You are viewing an old version of this page. View the current version.

Compare with Current View Page History

« Previous Version 25 Next »

IDIEP-20
AuthorVladimir Ozerov Ozerov
SponsorVladimir Ozerov Ozerov
Created25 Apr 2018
StatusDRAFT


Motivation

Compression is used extensively by all database vendors to reduce TCO and improve performance. Compression could be applied to different parts of the system to achieve the following goals:

  • Less writes to disk - less IO call, less disk space needed
  • Less reads from disk - less IO call, less RAM is needed to accommodate the same number of records.

Performance numbers of other vendors demonstrate that we could expect 2x-4x decrease in required disk space and >1.5x increase in throughput (ops/sec) on typical workloads.

Competitive analysis

This section describes general compression approaches and their pros and cons. The following compression mechanisms are implemented in practice:

  1. Data format 
  2. Index prefix compression
  3. Page-level compression
  4. WAL compression
  5. Per-column compression
  6. Compression on file system level
  7. Column store

Data Format

Efficient disk usage starts with proper data layout. Vendors strive to place data in pages in such a way that total overhead is kept as low as possible while still maintaining high read speed. Typically this is achieved as follows:

  1. Common metadata such is stored outside of data page
  2. Numeric types are written using varlen encoding (e.g. int data type may take 1-5 bytes instead of 4)
  3. Fixed-length string data types (CHAR, NCHAR) are trimmed
  4. NULL and zero values are optimized to consume no space, typically with special bitmap (e.g. if there are 

Examples:

  1. SQL Server row format [1] - varlen, CHAR trimming, NULL/zero optimization
  2. MySQL row format [2] - no varlen, no CHAR trimming, NULL/zero optimization

[1] https://docs.microsoft.com/en-us/sql/relational-databases/data-compression/row-compression-implementation?view=sql-server-2017
[2] https://dev.mysql.com/doc/refman/5.6/en/innodb-physical-record.html

Index Prefix Compression

Secondary indexes tend to have entries with common prefix. E.g. {'IndexedValue', link1}, {'indexedValue', link2}. Prefix compression technique extracts common prefixes from entries on the index page and place them in a special directory within a page.
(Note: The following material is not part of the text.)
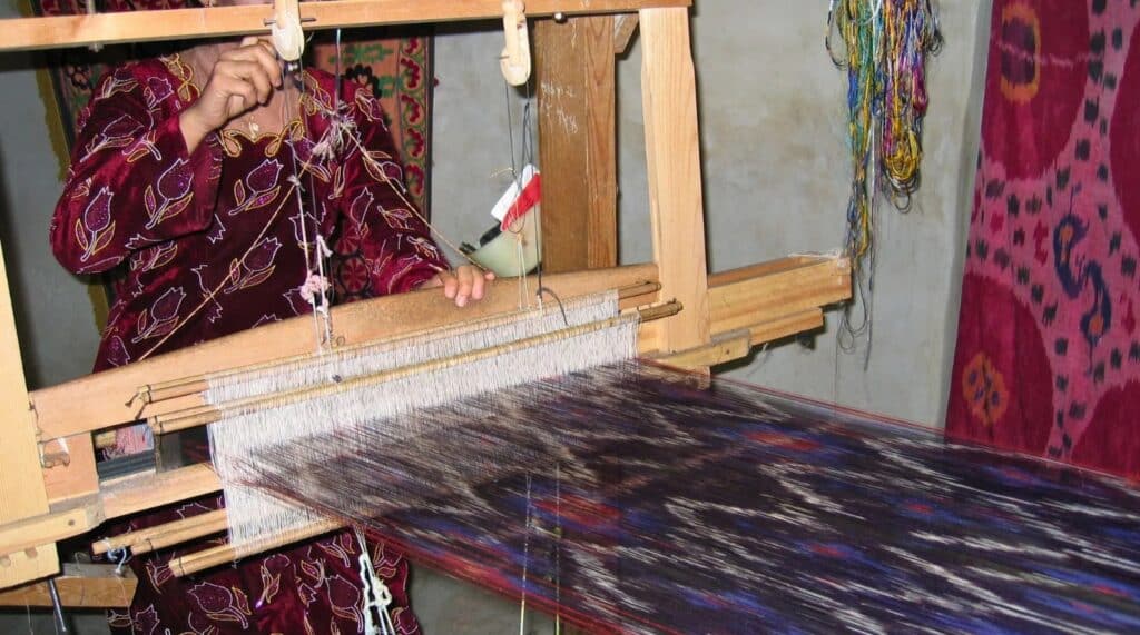 Silk production, particularly in the Fergana Valley, has long been central to Uzbekistan’s heritage. Historically, silk from the region was highly prized and widely traded along the Silk Road. Women have traditionally played a key role in the process, from raising silkworms to dyeing threads and weaving fabrics such as ikat and adras.
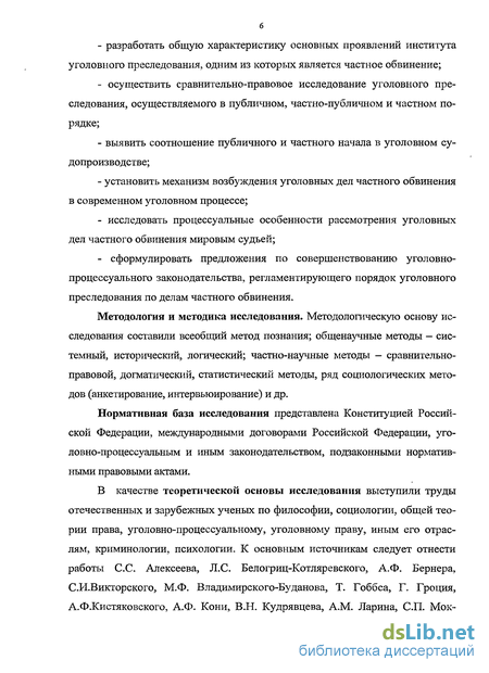 Для достижения указанной цели были поставлены следующие задачи: - выявить исторические закономерности возникновения и становления института частного обвинения в российском уголовном судопроизводстве; разработать общую характеристику основных проявлений института уголовного преследования, одним из которых является частное обвинение; осуществить сравнительно-правовое исследование уголовного преследования, осуществляемого в публичном, частно-публичном и частном порядке; выявить соотношение публичного и частного начала в уголовном судопроизводстве; установить механизм возбуждения уголовных дел частного обвинения в современном уголовном процессе; - исследовать процессуальные особенности рассмотрения уголовных дел частного обвинения мировым судьей; - сформулировать предложения по совершенствованию уголовно- процессуального законодательства, регламентирующего порядок уголовного преследования по делам частного обвинения.

Prefix compression could be applied to the following index types:

  1. Non-unique single column secondary index
  2. Non-unique and unique multi-column secondary index

Prefix compression could be implemented as follows:

  1. Static - compression is applied to all index rows irrespective of whether it is beneficial or not. Attributes with low cardinality are compressed well. Contrary, attributes with high cardinality may have negative compression rates. Decision whether to compress or not is delegated to user (typically DBA)
  2. Dynamic - compression is either applied or not applied to indexed values on page-by-page basis based on some internal heuristics. Negative compression rates are avoided automatically, but implementation is more complex.

Examples:

  1. Oracle index compression (static) [1]
  2. Oracle advanced index compression (dynamic) [2]
  3. MongoDB index compression [3]

[1] https://blogs.oracle.com/dbstorage/compressing-your-indexes:-index-key-compression-part-1
[2] https://blogs.oracle.com/dbstorage/compressing-your-indexes:-advanced-index-compression-part-2
[3] https://docs.mongodb.com/manual/core/wiredtiger/#storage-wiredtiger-compression

Page Compression

The whole pages could be compressed. This gives 2x-4x reduciton in size on average. Two different approaches are used in practice - without in-memory compression, with in-memory compression

Without in-memory compression

Data is stored in-memory as is, in uncompressed form. When it is time to flush data to disk compression is applied. If data size is reduced significantly, data is stored in compressed form. Otherwise it is stored in plain form (compression faiure). Big block sizes (e.g. 32Kb) is typically used in this case to achieve higher compression rates. Data is still being written to disk in blocks of smaller sizes. E.g. one may have 32Kb block in-memory, which is compressed to 7Kb, which is then written as two 4Kb blocks to disk. Vendors allow to select compression algorithm (Snappy, zlib, lz4, etc.).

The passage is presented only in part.